The task → The pictures are to be left out when the listing below is reproduced word for word.

Top of Available data

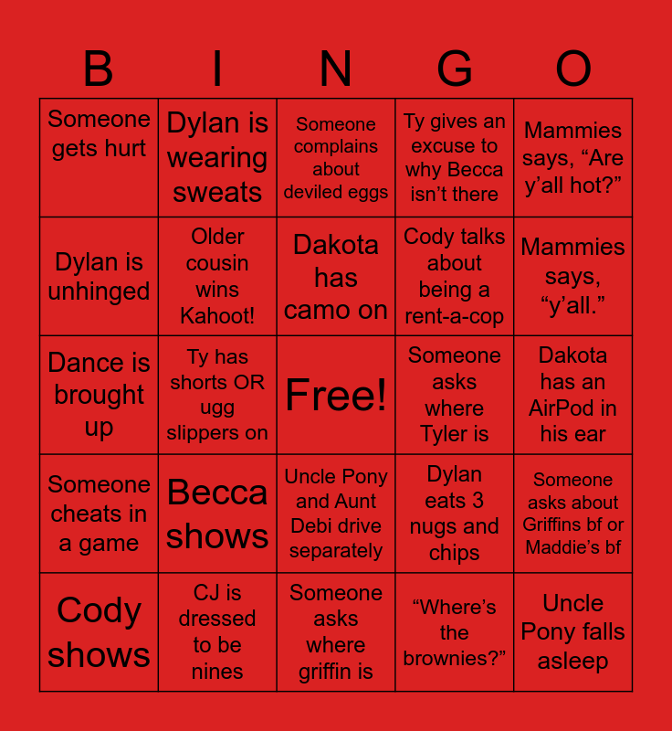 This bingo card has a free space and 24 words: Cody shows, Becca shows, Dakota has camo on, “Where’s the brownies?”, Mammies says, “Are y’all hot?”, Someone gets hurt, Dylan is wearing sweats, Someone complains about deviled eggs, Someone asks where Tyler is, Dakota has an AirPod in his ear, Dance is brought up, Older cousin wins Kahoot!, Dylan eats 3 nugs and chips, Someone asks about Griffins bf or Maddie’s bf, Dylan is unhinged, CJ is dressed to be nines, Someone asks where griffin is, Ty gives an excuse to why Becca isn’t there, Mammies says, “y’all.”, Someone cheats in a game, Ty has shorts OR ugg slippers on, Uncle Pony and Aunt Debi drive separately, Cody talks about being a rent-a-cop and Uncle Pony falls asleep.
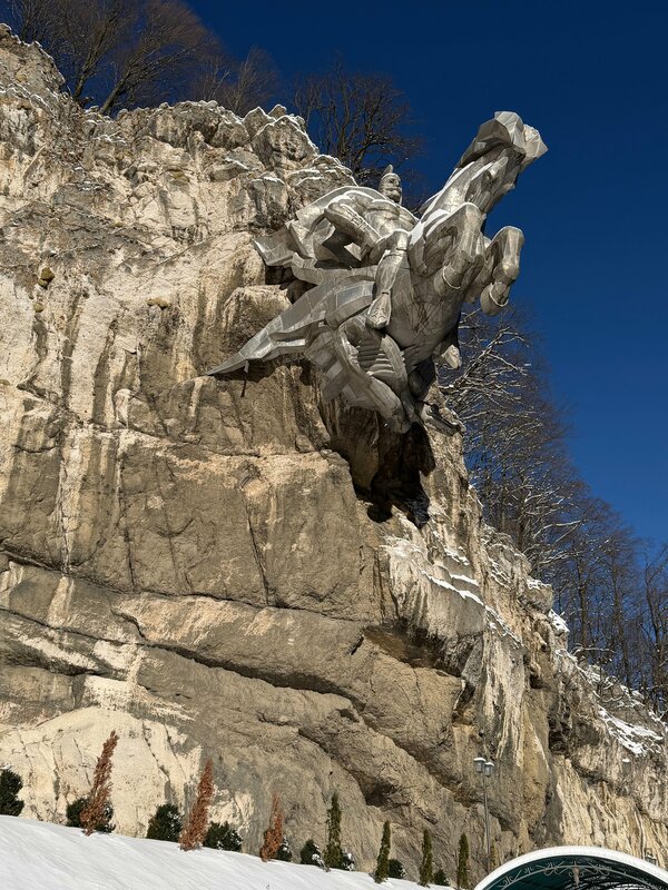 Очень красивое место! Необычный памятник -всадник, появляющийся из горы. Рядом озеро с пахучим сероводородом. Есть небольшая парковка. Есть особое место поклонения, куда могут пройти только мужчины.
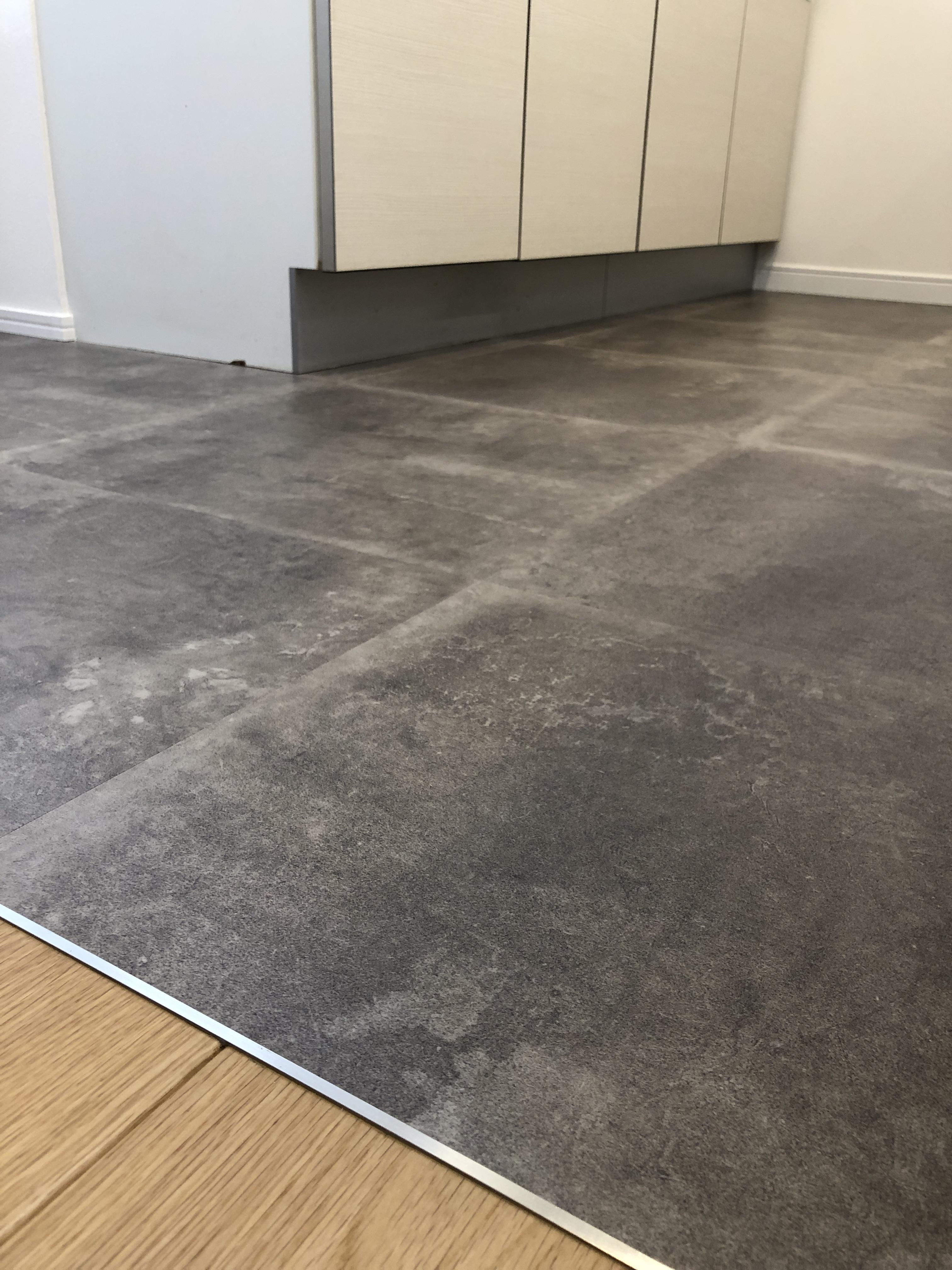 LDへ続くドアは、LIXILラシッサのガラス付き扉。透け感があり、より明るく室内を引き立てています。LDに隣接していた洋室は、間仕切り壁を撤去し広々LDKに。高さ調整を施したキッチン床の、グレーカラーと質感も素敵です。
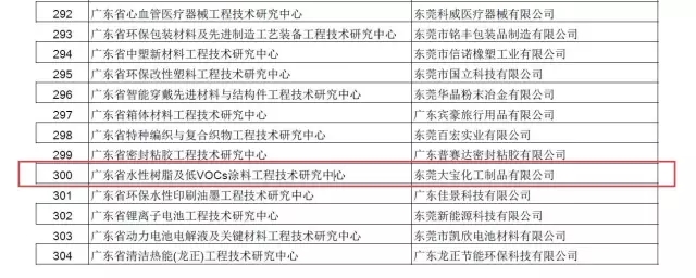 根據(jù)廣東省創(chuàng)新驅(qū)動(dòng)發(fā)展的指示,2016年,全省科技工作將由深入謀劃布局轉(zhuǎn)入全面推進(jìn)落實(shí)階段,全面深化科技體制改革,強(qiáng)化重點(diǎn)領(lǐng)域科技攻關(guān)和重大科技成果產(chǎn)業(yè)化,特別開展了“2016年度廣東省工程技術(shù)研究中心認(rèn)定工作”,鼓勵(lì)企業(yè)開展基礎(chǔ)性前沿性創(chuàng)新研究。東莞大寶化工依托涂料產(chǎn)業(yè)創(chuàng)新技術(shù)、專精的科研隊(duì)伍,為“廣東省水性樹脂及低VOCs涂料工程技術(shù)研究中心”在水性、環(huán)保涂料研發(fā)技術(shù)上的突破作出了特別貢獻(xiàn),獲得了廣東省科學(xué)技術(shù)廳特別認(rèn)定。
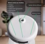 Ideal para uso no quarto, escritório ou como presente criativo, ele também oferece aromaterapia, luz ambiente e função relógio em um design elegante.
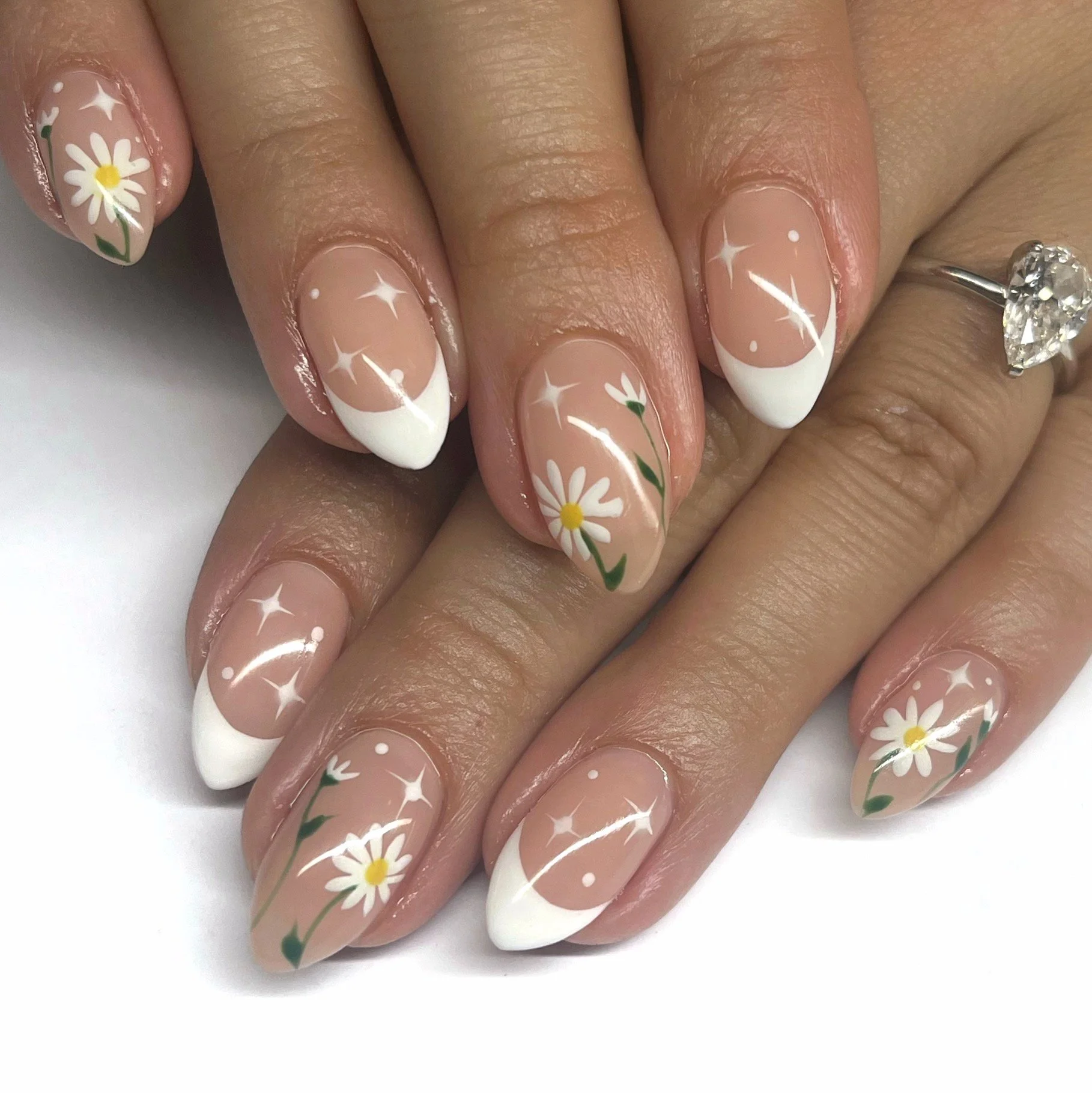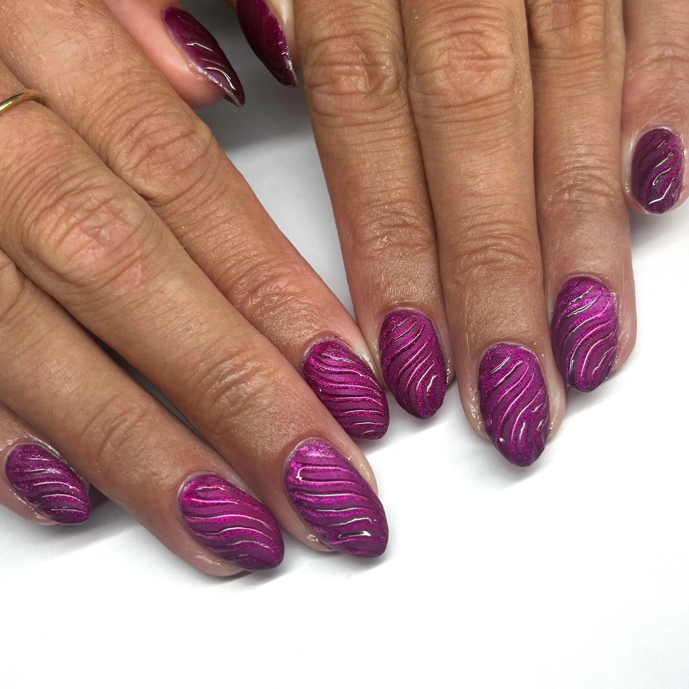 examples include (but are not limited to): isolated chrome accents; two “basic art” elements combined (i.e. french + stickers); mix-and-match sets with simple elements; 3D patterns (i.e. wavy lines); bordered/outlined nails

Bottom of Available data

Solution to the problem →
 This bingo card has a free space and 24 words: Cody shows, Becca shows, Dakota has camo on, “Where’s the brownies?”, Mammies says, “Are y’all hot?”, Someone gets hurt, Dylan is wearing sweats, Someone complains about deviled eggs, Someone asks where Tyler is, Dakota has an AirPod in his ear, Dance is brought up, Older cousin wins Kahoot!, Dylan eats 3 nugs and chips, Someone asks about Griffins bf or Maddie’s bf, Dylan is unhinged, CJ is dressed to be nines, Someone asks where griffin is, Ty gives an excuse to why Becca isn’t there, Mammies says, “y’all.”, Someone cheats in a game, Ty has shorts OR ugg slippers on, Uncle Pony and Aunt Debi drive separately, Cody talks about being a rent-a-cop and Uncle Pony falls asleep.
 Очень красивое место! Необычный памятник -всадник, появляющийся из горы. Рядом озеро с пахучим сероводородом. Есть небольшая парковка. Есть особое место поклонения, куда могут пройти только мужчины.
 LDへ続くドアは、LIXILラシッサのガラス付き扉。透け感があり、より明るく室内を引き立てています。LDに隣接していた洋室は、間仕切り壁を撤去し広々LDKに。高さ調整を施したキッチン床の、グレーカラーと質感も素敵です。
 根據(jù)廣東省創(chuàng)新驅(qū)動(dòng)發(fā)展的指示,2016年,全省科技工作將由深入謀劃布局轉(zhuǎn)入全面推進(jìn)落實(shí)階段,全面深化科技體制改革,強(qiáng)化重點(diǎn)領(lǐng)域科技攻關(guān)和重大科技成果產(chǎn)業(yè)化,特別開展了“2016年度廣東省工程技術(shù)研究中心認(rèn)定工作”,鼓勵(lì)企業(yè)開展基礎(chǔ)性前沿性創(chuàng)新研究。東莞大寶化工依托涂料產(chǎn)業(yè)創(chuàng)新技術(shù)、專精的科研隊(duì)伍,為“廣東省水性樹脂及低VOCs涂料工程技術(shù)研究中心”在水性、環(huán)保涂料研發(fā)技術(shù)上的突破作出了特別貢獻(xiàn),獲得了廣東省科學(xué)技術(shù)廳特別認(rèn)定。
 Ideal para uso no quarto, escritório ou como presente criativo, ele também oferece aromaterapia, luz ambiente e função relógio em um design elegante.
 examples include (but are not limited to): isolated chrome accents; two “basic art” elements combined (i.e. french + stickers); mix-and-match sets with simple elements; 3D patterns (i.e. wavy lines); bordered/outlined nails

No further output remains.